»»

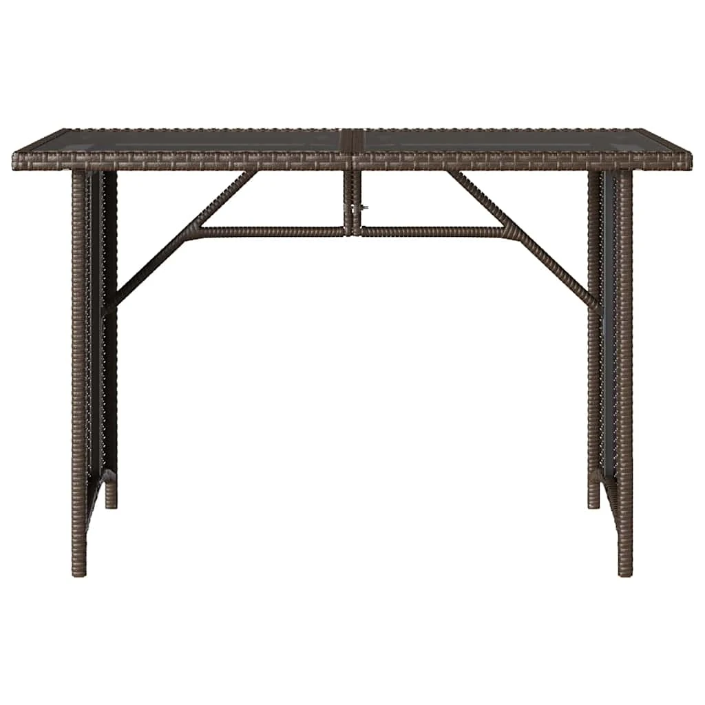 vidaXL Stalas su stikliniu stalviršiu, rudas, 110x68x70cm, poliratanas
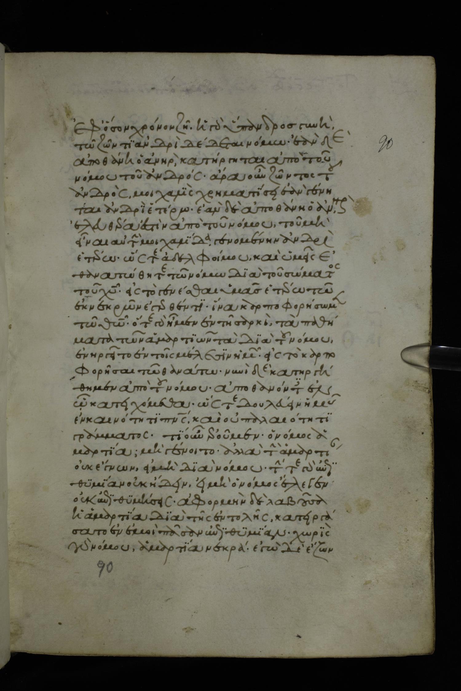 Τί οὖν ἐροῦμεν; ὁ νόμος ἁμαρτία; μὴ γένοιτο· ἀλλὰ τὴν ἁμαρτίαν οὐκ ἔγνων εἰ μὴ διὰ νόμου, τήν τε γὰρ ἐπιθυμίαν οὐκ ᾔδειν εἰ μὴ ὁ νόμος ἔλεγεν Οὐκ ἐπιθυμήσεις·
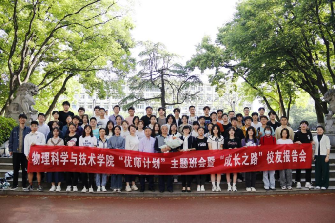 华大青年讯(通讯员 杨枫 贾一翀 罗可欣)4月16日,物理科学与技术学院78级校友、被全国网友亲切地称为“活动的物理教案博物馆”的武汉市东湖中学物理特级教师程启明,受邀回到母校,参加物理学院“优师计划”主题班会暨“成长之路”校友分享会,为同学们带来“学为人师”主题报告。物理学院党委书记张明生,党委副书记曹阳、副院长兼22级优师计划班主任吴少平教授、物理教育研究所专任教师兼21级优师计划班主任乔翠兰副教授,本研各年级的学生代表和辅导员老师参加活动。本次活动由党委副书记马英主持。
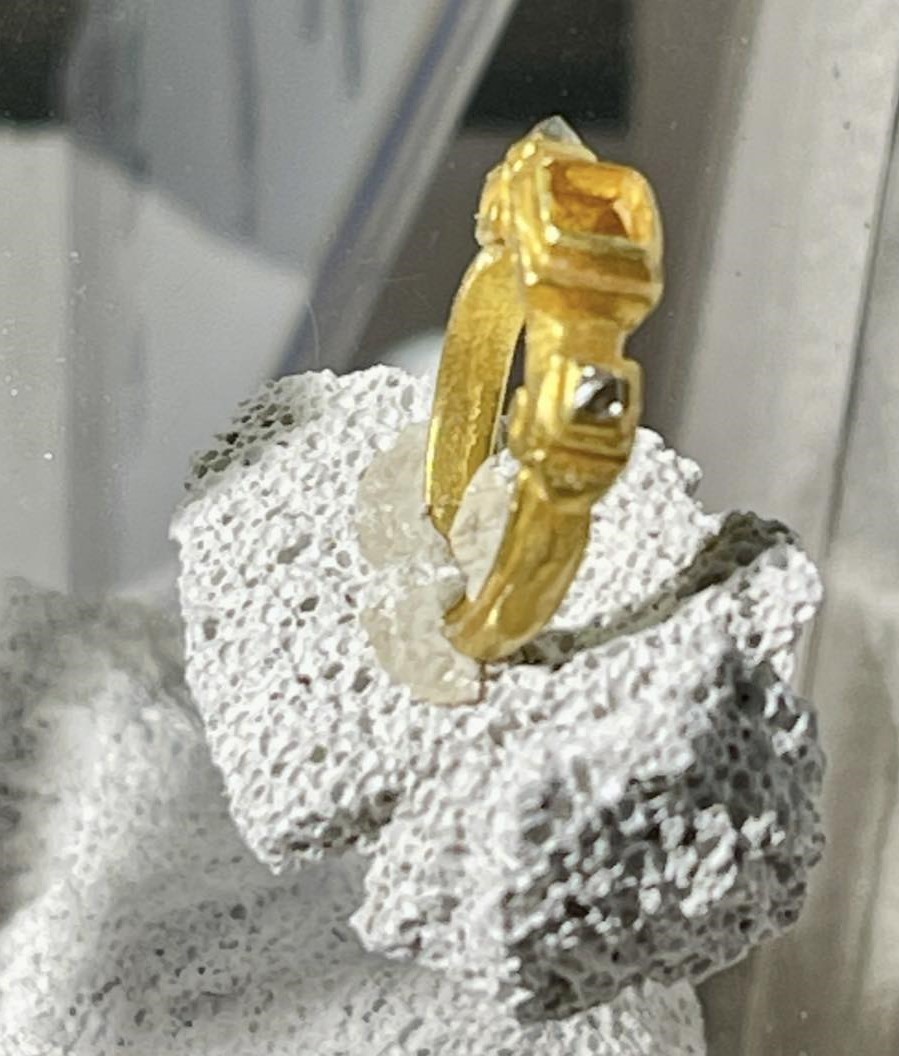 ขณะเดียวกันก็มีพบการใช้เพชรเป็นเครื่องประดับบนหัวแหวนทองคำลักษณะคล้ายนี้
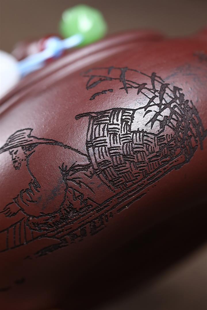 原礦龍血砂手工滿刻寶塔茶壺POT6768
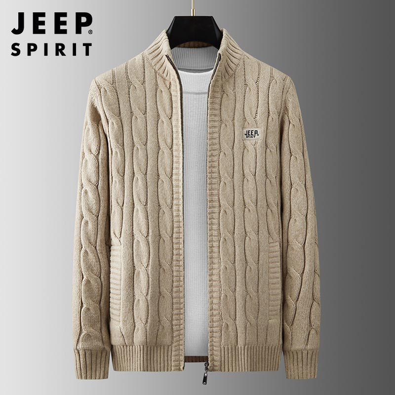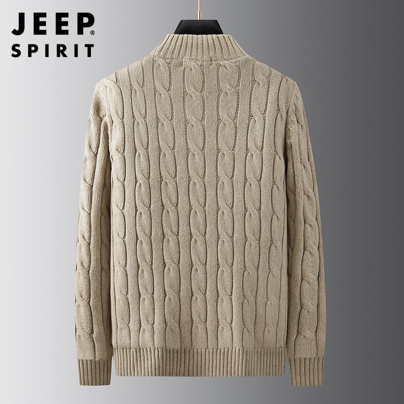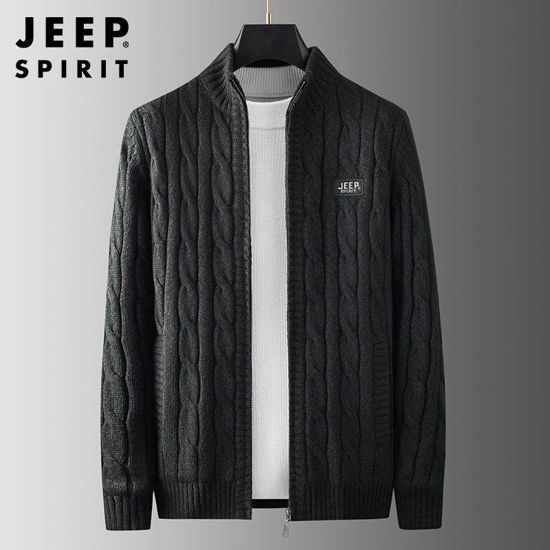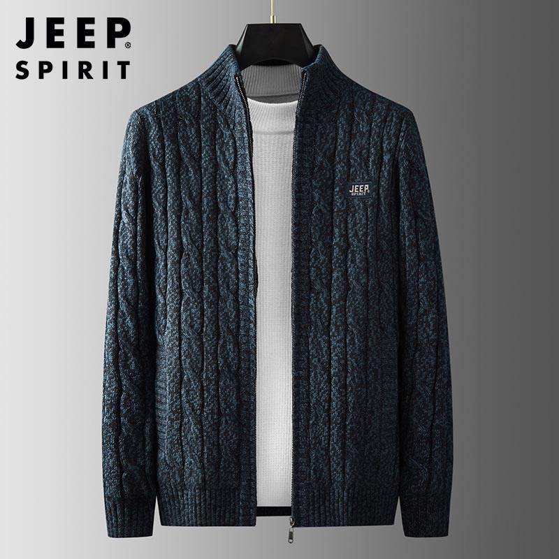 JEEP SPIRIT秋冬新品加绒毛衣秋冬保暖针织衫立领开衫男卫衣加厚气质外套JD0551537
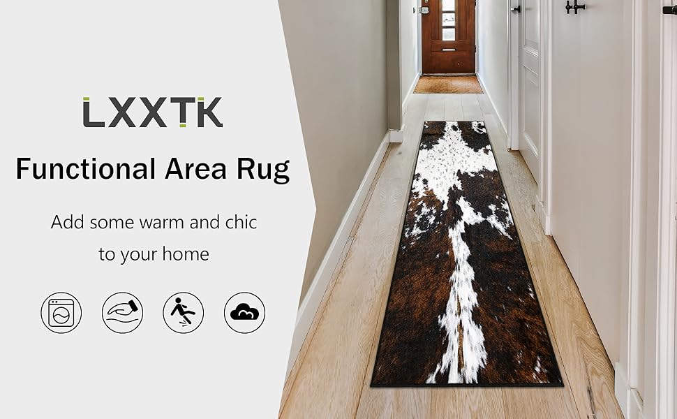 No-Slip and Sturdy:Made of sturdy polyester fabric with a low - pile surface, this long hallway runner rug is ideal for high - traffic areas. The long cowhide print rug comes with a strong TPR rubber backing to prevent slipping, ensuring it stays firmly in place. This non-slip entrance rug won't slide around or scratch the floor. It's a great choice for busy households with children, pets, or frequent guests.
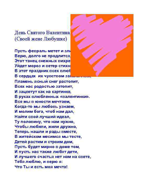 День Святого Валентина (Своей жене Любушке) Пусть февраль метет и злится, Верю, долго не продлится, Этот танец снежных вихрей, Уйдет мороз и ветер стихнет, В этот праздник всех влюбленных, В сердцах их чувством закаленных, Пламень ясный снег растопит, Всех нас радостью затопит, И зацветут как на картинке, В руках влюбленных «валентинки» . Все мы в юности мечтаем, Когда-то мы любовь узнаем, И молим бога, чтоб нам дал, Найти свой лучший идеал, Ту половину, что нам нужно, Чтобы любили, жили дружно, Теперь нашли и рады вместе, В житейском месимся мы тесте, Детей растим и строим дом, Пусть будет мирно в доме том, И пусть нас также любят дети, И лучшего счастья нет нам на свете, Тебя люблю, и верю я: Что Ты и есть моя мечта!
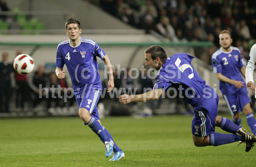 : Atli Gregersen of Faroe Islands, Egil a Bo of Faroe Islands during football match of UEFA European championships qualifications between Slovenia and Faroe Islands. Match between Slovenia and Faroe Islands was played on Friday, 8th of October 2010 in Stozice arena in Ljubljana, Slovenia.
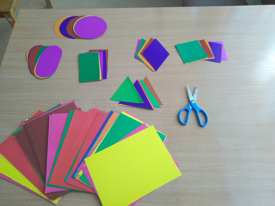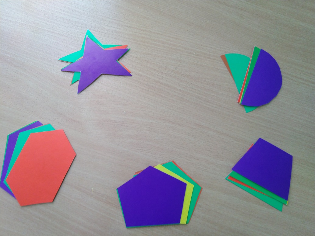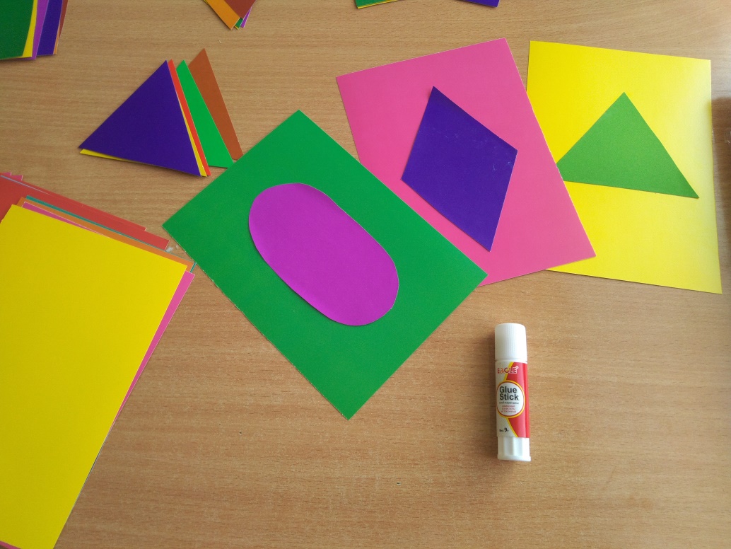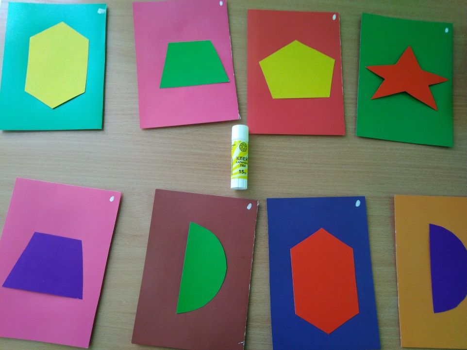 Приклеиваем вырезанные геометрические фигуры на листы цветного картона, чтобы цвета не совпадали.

««

▶ _WHAT TO DO_: Your reply should consist solely of the lines above, from the opening line through the line with "Τί οὖν ἐροῦμεν;", reproduced exactly and without pictures.

▶ _ANSWER AREA_:
 vidaXL Stalas su stikliniu stalviršiu, rudas, 110x68x70cm, poliratanas
 Τί οὖν ἐροῦμεν; ὁ νόμος ἁμαρτία; μὴ γένοιτο· ἀλλὰ τὴν ἁμαρτίαν οὐκ ἔγνων εἰ μὴ διὰ νόμου, τήν τε γὰρ ἐπιθυμίαν οὐκ ᾔδειν εἰ μὴ ὁ νόμος ἔλεγεν Οὐκ ἐπιθυμήσεις·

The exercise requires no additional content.